Revelations

A hundred years of Windsors but still the Queen is partly German

A hundred years of Windsors but still the Queen is partly German

If you put the term “House of Windsor” into Google, the first question in the “People Also Ask” section is “Is the Queen of England German?” Algorithms do not lie, so lots of people must harbour doubts. The answer is that of course she’s not German: her aristocratic British mother’s birth was registered in Hitchin, a market town in Hertfordshire known mainly for being the scene of the worst hailstorm in British history in 1697. It is decidedly not in Germany. But the Queen is partly German. The House of Windsor is really the House of Saxe-Coburg-Gotha. One hundred years ago this summer, in July 1917, George V issued a proclamation larded with many a “whereas” and “declare” to announce that henceforth all male descendants of Queen Victoria were to be known by the new surname of “Windsor”.

George’s cousin, the German Kaiser, remarked that he was looking forward to watching a performance of “The Merry Wives of Saxe-Coburg”. “Windsor” had not been the only possibility: courtiers had toyed with Plantagenet, York, Lancaster, England and even Fitzroy, though “Fitz” usually signified illegitimacy. But Windsor it was, with various German-sounding titles of minor royals being discarded in favour of “Mountbatten”, “Cambridge” or “Milford Haven” and Queen Mary’s younger brother, Prince Alexander of Teck, becoming the Earl of Athlone.
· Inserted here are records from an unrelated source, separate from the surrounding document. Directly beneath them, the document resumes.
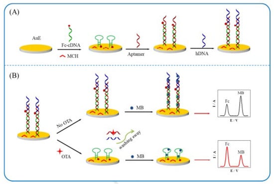 Schematic representation of the fabrication and detection process of the aptasensor. (A) design of aptasensor by stepwise addition of Fc-cDNA, OTA aptamer and hDNA on Au electrode (B) special affinity for OTA caused dissociation of aptamer and formation of hairpin structure. Reproduced from []. Copyright 2020 Elsevier. hDNA: helper DNA, dsDNA: double-stranded DNA, cDNA: complementary DNA, MB: methylene blue; Fc-DNA: Ferrocene-labeled complementary DNA.
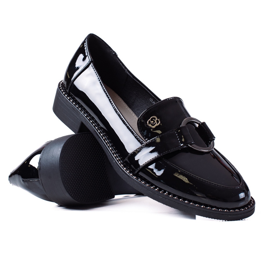 Tälle tuotteelle on ominaista universaali musta väri, jonka ansiosta se on erittäin helppo yhdistää erilaisiin asuihin. Ulkomateriaalina 100 % keinonahasta ja ekologisesta kiiltonahasta valmistetut kengät antavat kengille tyylikkään kiillon, joka vangitsee silmää ja lisää tyylikkyyttä. Luonnonnahkaisen sisäosan ansiosta nämä mokasiinit eivät ole vain tyylikkäitä, vaan myös mukavia käyttää.
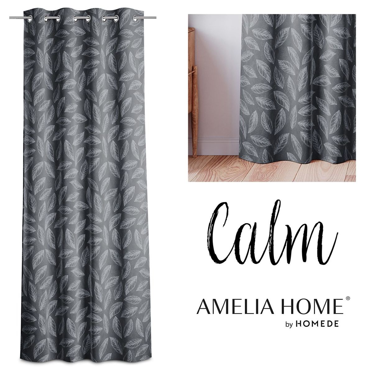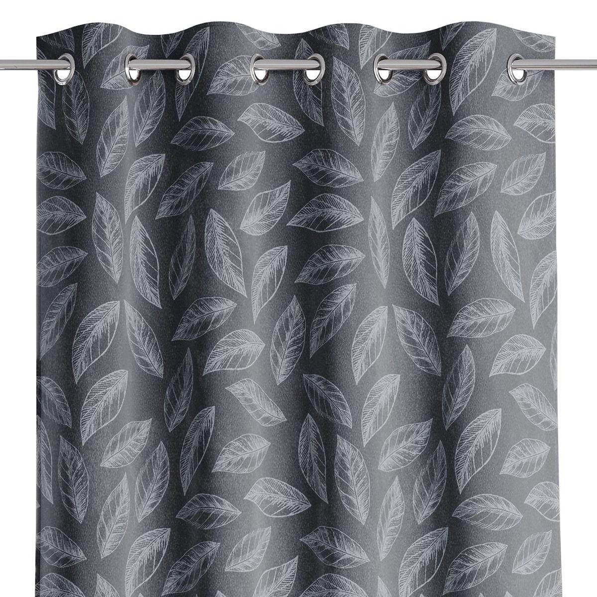 Lukafurniture.cz » Závěsy a záclony / Závěsy / Závěs CALM barva grafitová tištěný rostlinný motiv klasický styl stříbrné kovové průchodky
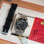 Omega Seamaster Planet Ocean 300M Co-Axial Master Chronometer 42mm Diver's Watch. Top-tier version, supports any comparison! Features the same 8800 mechanical movement as the original, with a vortex-shaped balance wheel identical to the original! Stainless steel case with brushed finish and partial polishing. Ceramic bezel with white enamel diving scale, ratcheted countdown bezel rotating unidirectionally counter-clockwise. Domed sapphire crystal with anti-reflective coating, polished ceramic dial with laser-engraved wave pattern, date window at 6 o'clock, skeletonized hands and embossed hour markers with rhodium plating and Super-Luminova luminous coating. Multi-layered waterproof screw-down crown with a conical helium escape valve. Stainless steel brushed bracelet, with the same two-side screws and central independent retaining bar design as the genuine product, folding double push-button clasp, and push-to-adjust micro-adjustment extension. Transparent case back clearly shows the beautiful movement in action. The case back, hang tag, and warranty card all match. Secondly, this is a dive watch, so it has all the essential functions: stylish luminous hands, deep water resistance, and a heave valve. What I really want to talk about is the feel of this watch on the wrist. The Seamaster feels more natural and comfortable on the wrist; the connection between the wrist and the watch case is incredibly strong from the first touch! A good watch requires a perfect design and high-quality materials to showcase its value! Highly recommended, definitely worth buying! Comes with a top-quality wooden box and original factory packaging.
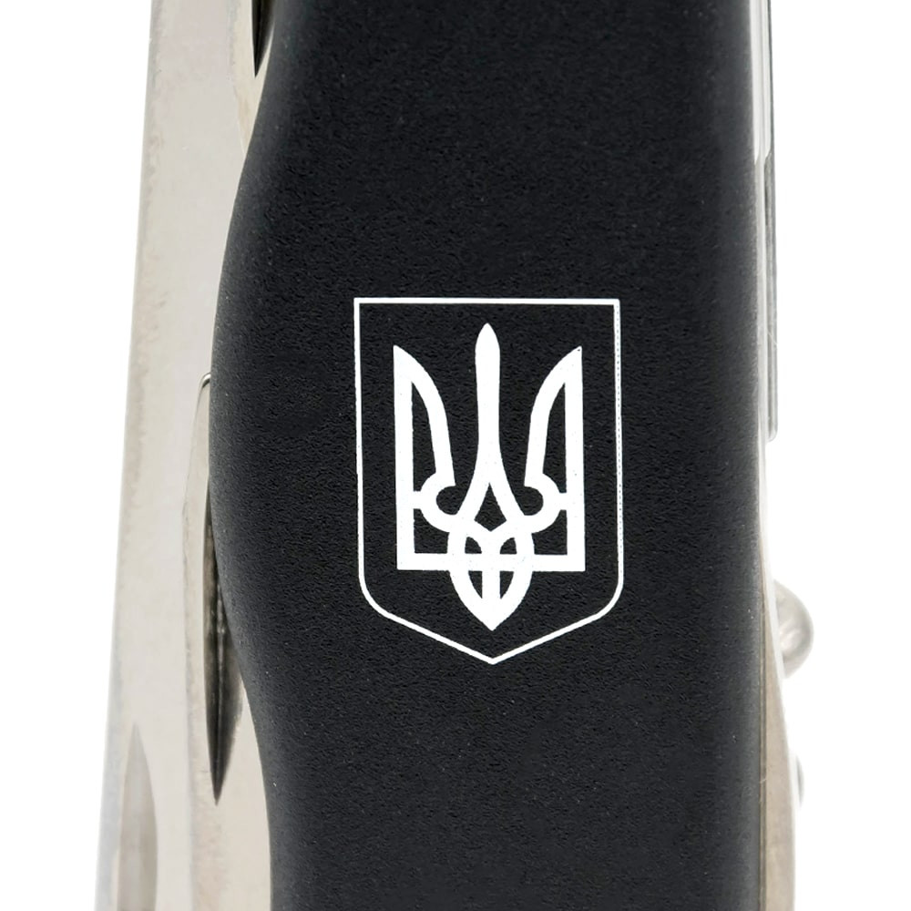 Для оформления рукояти был выбран насыщенный черный фон, украшением которого послужили, нанесенные методом высококачественной печати герб Украины и фирменная символика Викторинокс. Толстый слой укрепляющего лака подчеркивает глубину и насыщенность цветов, а также надежно защищает оформление от износа и утери первоначальной целостности.

During the 19th century, there were so many minor dynasties in Germany that it had become the first port of call for anyone looking for an additional decoration for their coat of arms. Bismarck deemed the Coburgs “the stud farm of Europe” and Prince Albert of Saxe-Coburg and Gotha sired from Queen Victoria children, grandchildren and great- grandchildren who would occupy palaces in Greece, Norway, Denmark Russia, Sweden, Romania, Yugoslavia and Spain, as well as Germany.

The cousinage had some odd consequences, so that regiments on opposite sides in the first world war had colonels in chief fighting for the enemy. In 1914, the fire-breathing Kaiser himself had been an honorary admiral in the Royal Navy, as well as an honorary army field marshal. But when British citizens were being killed by Germans, a royal family with a foreign name was a problem. In the early days of the war, concerned citizens had seen German fifth columnists everywhere, including an artist who had rented a cottage in the West Country, on the grounds that “if he’s not a spy, why does he wear a hat like that?” Shops with German names had been looted and even, it was said, a dachshund stoned by dim-witted patriots.

As the war dragged on, the royal family clung to its continental origins, unaware that Prime Minister David Lloyd George had remarked as he set off for his audience with the king: “I wonder what my little German friend has got to say to me.” In fact, the royal family identified with the British people. George V’s decision to turn the gardens of Buckingham Palace over to cabbages was hardly sharing the hunger caused by the U-boat blockade, but it was a gesture, in much the same way as his daughter-in-law, Queen Elizabeth The Queen Mother, talked of the 1940 bombing of Buckingham Palace as enabling her to “look the East End in the face”. The 1917 decision that had given her and the present queen their new dynastic title had been a small thing: what’s in a name?

But it marked the point at which British royalty finally bent the knee to the people it purported to lead. Neither the German nor Russian monarchies survived the first world war. But Britain is still ruled by a member of the House of Windsor. She has no real power and her advisers have been wise enough to see that is how it has to be. In George V, the moment had met the man. Let HG Wells stand for the sniffy intellectuals — one of the worst categories of British snob, because they recognise how cordially the English detest “thinkers” — who sneered at the “alien and uninspiring court”. George V replied “I may be dull but I’m damned if I’m an alien”.

George was certainly a dull man. But a modern democracy does not need a head of state — there by mere accident of birth, let us recall — who thinks they know something and is willing to abuse their position to lecture the rest of us on why they are right. One of George’s more self-important biographers wrote dismissively of the king’s early married life that for 17 years, “he did nothing at all but kill animals and stick in stamps”. What, exactly, is the problem? If only the Kaiser and Hitler had stuck to well-shot woodcock and first-day covers. So, yes, the Queen is partly German. So what? She belongs to a family that realised a century ago that names matter less than behaviour.